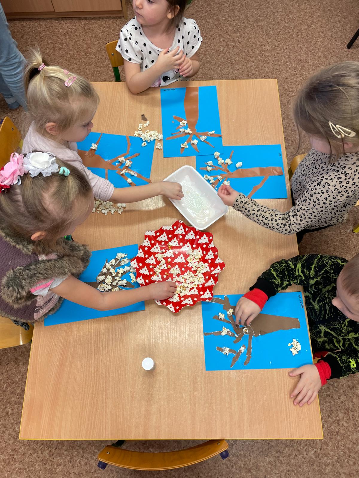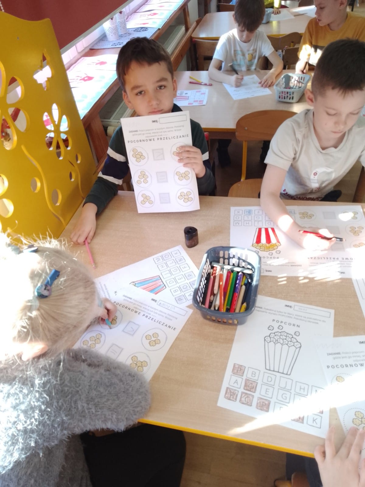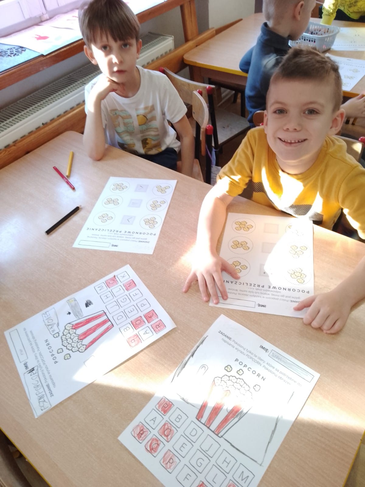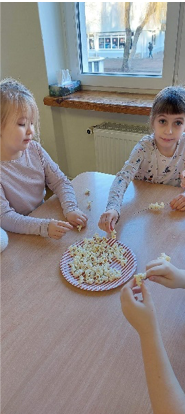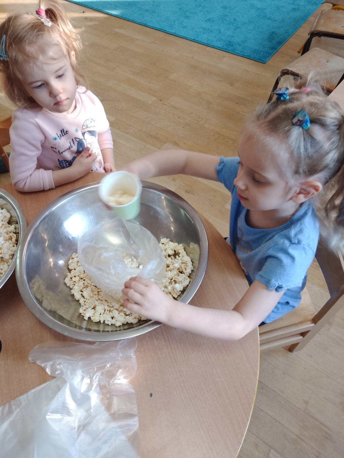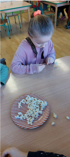 Dnia 19 stycznia 2023 roku w naszym przedszkolu obchodziliśmy „Międzynarodowy dzień popcornu”. Popcorn kojarzy nam się głównie z kinem, ale postanowiliśmy przyjrzeć mu się troszkę bliżej. Zauważyliśmy, że każdy ma inny kształt, który może przypominać dosłownie wszystko. Dzieci opisały jego smak: słony, słodki, z dodatkiem masełka i cynamonu… popcorn bez wątpienia był bohaterem tego dnia. Przedszkolaki dowiedziały się m.in. co to jest popcorn, jak się go przygotowuje oraz co należy zrobić aby miał inny smak. Wykonały także pracę plastyczną oraz świetnie bawiły się podczas zabawy z wykorzystaniem słomek i popcornu. Zadanie polegało na przeniesieniu popcornu za pomocą słomki, z jednego talerzyka na drugi oraz zdmuchnięcie ziarenek. Zapraszamy do obejrzenia zdjęć z tego dnia.
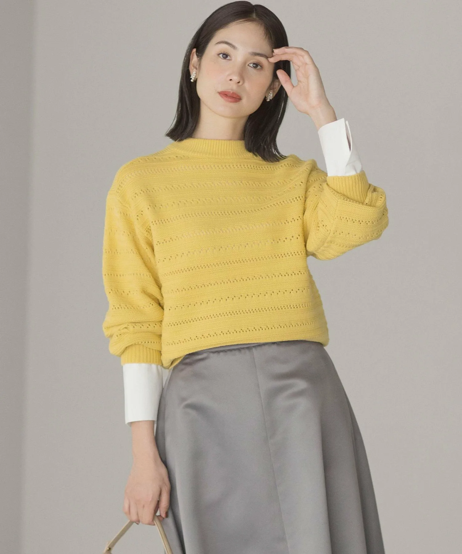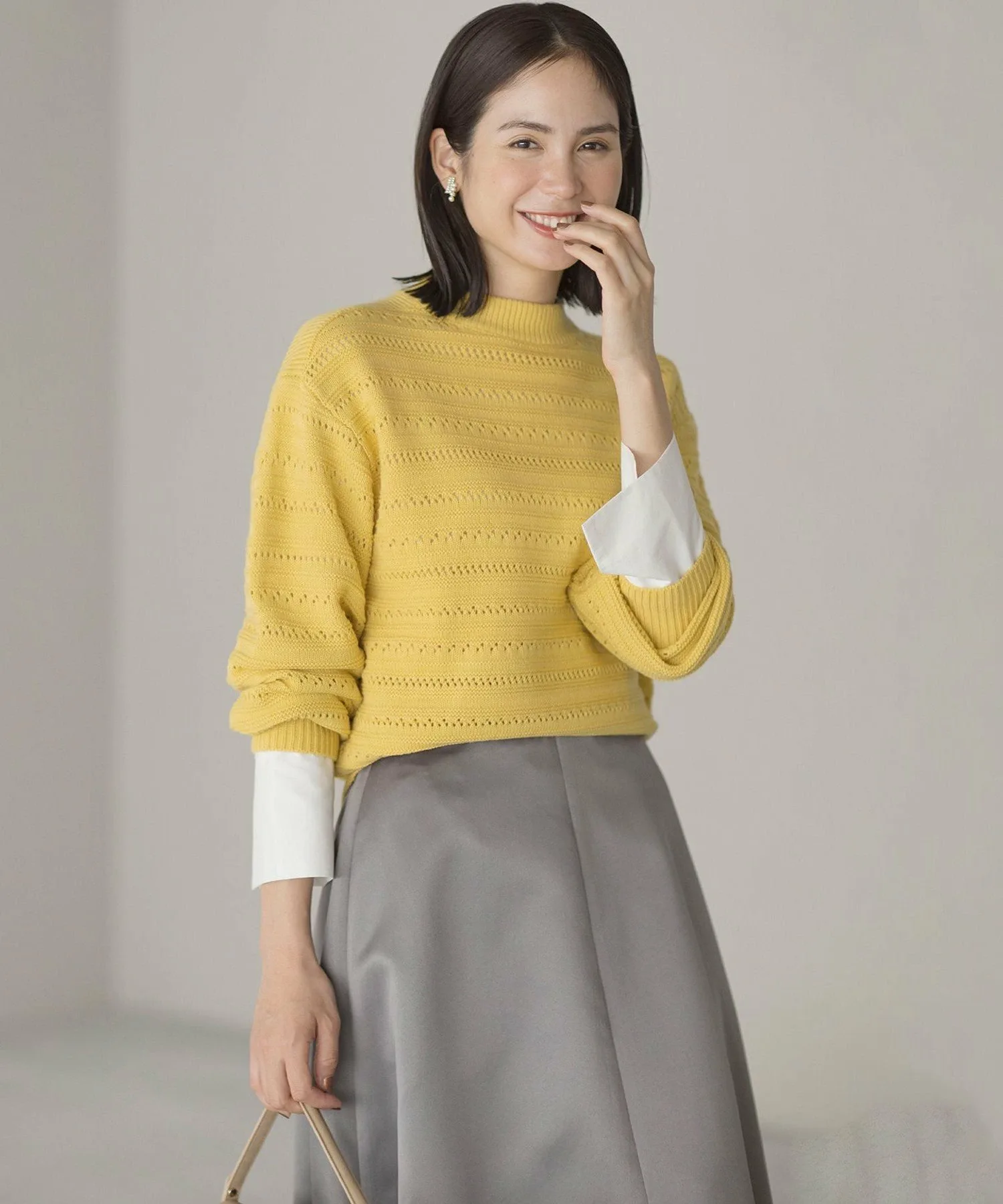 Дизайн: Этот свитер отличается изысканной нежностью благодаря кружевному узору по краю, сочетающему ажурную и платочную вязку. Круглый вырез горловины прошит двойным швом для объема, что придает ему женственный, но в то же время теплый вид. Плечи украшены ребристой вязкой, а длина достаточно компактна, чтобы легко сочетаться с брюками или юбками. Материал также привлекателен своей пригодностью для использования как зимой, так и весной. Этот свитер сам по себе обладает изысканной нежностью и отлично подходит в качестве нижнего слоя в течение всего сезона верхней одежды.
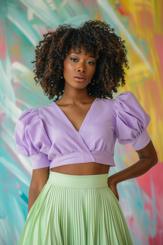 This outfit is pastel perfection. A dreamy lavender crop top with dramatic puff sleeves brings a playful yet elegant touch, while the mint-green pleated skirt adds movement and a fresh springtime feel. The fitted waist balances the volume on top, creating a flattering silhouette that’s both stylish and fun.
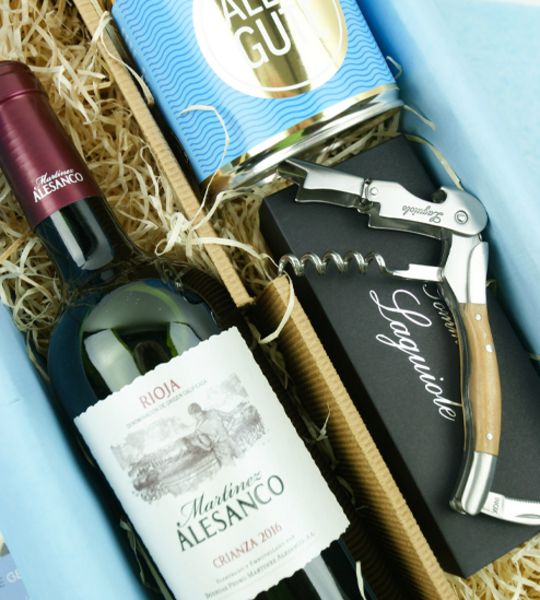 Es gibt viele Anlässe, besonderen Menschen eine Freude zu machen. Mit dieser Geschenkbox möchten wir vor allem Liebhaber eines guten Rotweins „happy” machen. Der Crianza aus der Bodega von Martinez Alesanco spiegelt die jahrhundertelange Tradítion des Weingutes wider. Er überzeugt durch ein volles Bouquet und einen samtweichen Geschmack ohne Tanin. Mit dem edlen Klassiker unter den Kellnermessern können Sie die Flasche angemessen stilecht öffnen und der „Cancake” Schoko-Marzipan ist ein Highlight für sich.
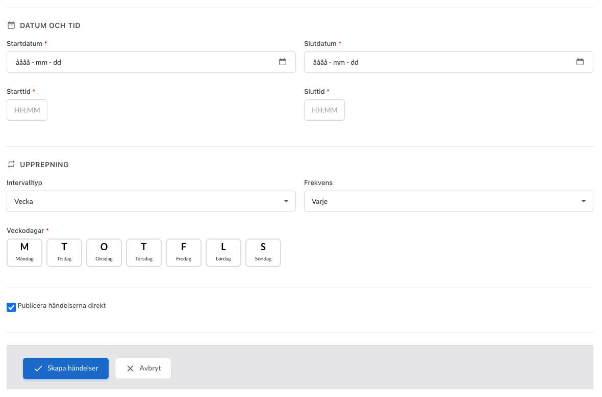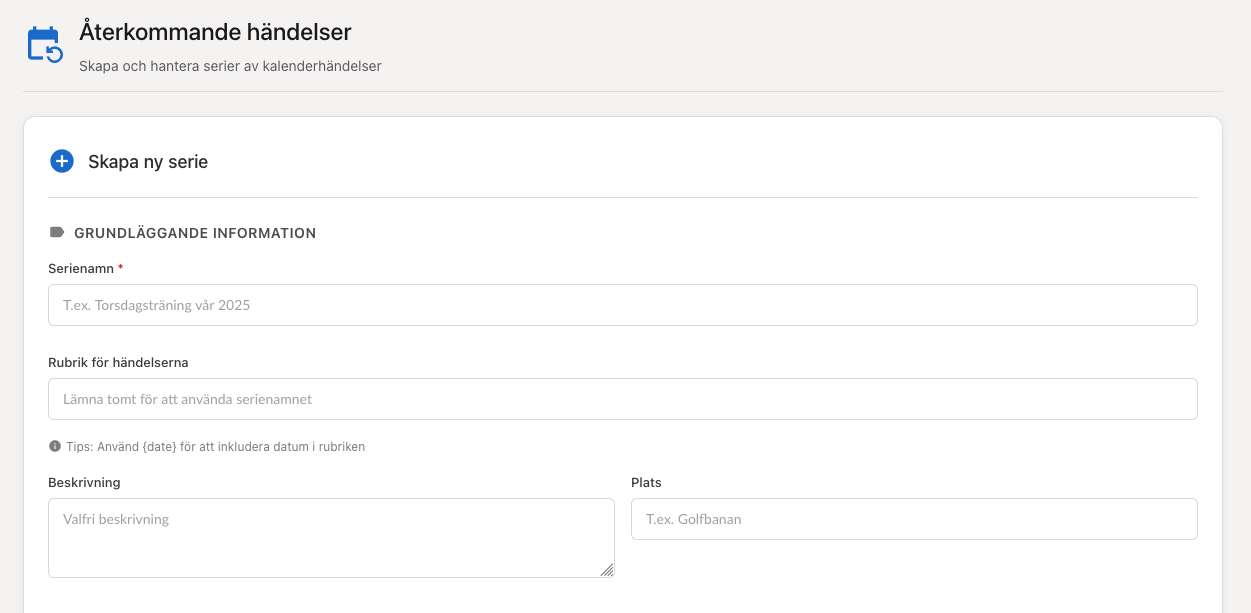 Händelser i kalendern som upprepar sig efter ett schema kan man lägga upp som en återkommande händelse. Det kan tex vara att juniorerna har träning på tisdagar och torsdagar kl 17-18 under 10 veckor, eller att det är återkommande banskötsel på onsdagar kl 06-09 under hela säsongen.

------------------------------------------------

Before writing out the material above, please remove its pictures; everything else stays exact.

TASK ANSWER »
 Dnia 19 stycznia 2023 roku w naszym przedszkolu obchodziliśmy „Międzynarodowy dzień popcornu”. Popcorn kojarzy nam się głównie z kinem, ale postanowiliśmy przyjrzeć mu się troszkę bliżej. Zauważyliśmy, że każdy ma inny kształt, który może przypominać dosłownie wszystko. Dzieci opisały jego smak: słony, słodki, z dodatkiem masełka i cynamonu… popcorn bez wątpienia był bohaterem tego dnia. Przedszkolaki dowiedziały się m.in. co to jest popcorn, jak się go przygotowuje oraz co należy zrobić aby miał inny smak. Wykonały także pracę plastyczną oraz świetnie bawiły się podczas zabawy z wykorzystaniem słomek i popcornu. Zadanie polegało na przeniesieniu popcornu za pomocą słomki, z jednego talerzyka na drugi oraz zdmuchnięcie ziarenek. Zapraszamy do obejrzenia zdjęć z tego dnia.
 Дизайн: Этот свитер отличается изысканной нежностью благодаря кружевному узору по краю, сочетающему ажурную и платочную вязку. Круглый вырез горловины прошит двойным швом для объема, что придает ему женственный, но в то же время теплый вид. Плечи украшены ребристой вязкой, а длина достаточно компактна, чтобы легко сочетаться с брюками или юбками. Материал также привлекателен своей пригодностью для использования как зимой, так и весной. Этот свитер сам по себе обладает изысканной нежностью и отлично подходит в качестве нижнего слоя в течение всего сезона верхней одежды.
 This outfit is pastel perfection. A dreamy lavender crop top with dramatic puff sleeves brings a playful yet elegant touch, while the mint-green pleated skirt adds movement and a fresh springtime feel. The fitted waist balances the volume on top, creating a flattering silhouette that’s both stylish and fun.
 Es gibt viele Anlässe, besonderen Menschen eine Freude zu machen. Mit dieser Geschenkbox möchten wir vor allem Liebhaber eines guten Rotweins „happy” machen. Der Crianza aus der Bodega von Martinez Alesanco spiegelt die jahrhundertelange Tradítion des Weingutes wider. Er überzeugt durch ein volles Bouquet und einen samtweichen Geschmack ohne Tanin. Mit dem edlen Klassiker unter den Kellnermessern können Sie die Flasche angemessen stilecht öffnen und der „Cancake” Schoko-Marzipan ist ein Highlight für sich.
 Händelser i kalendern som upprepar sig efter ett schema kan man lägga upp som en återkommande händelse. Det kan tex vara att juniorerna har träning på tisdagar och torsdagar kl 17-18 under 10 veckor, eller att det är återkommande banskötsel på onsdagar kl 06-09 under hela säsongen.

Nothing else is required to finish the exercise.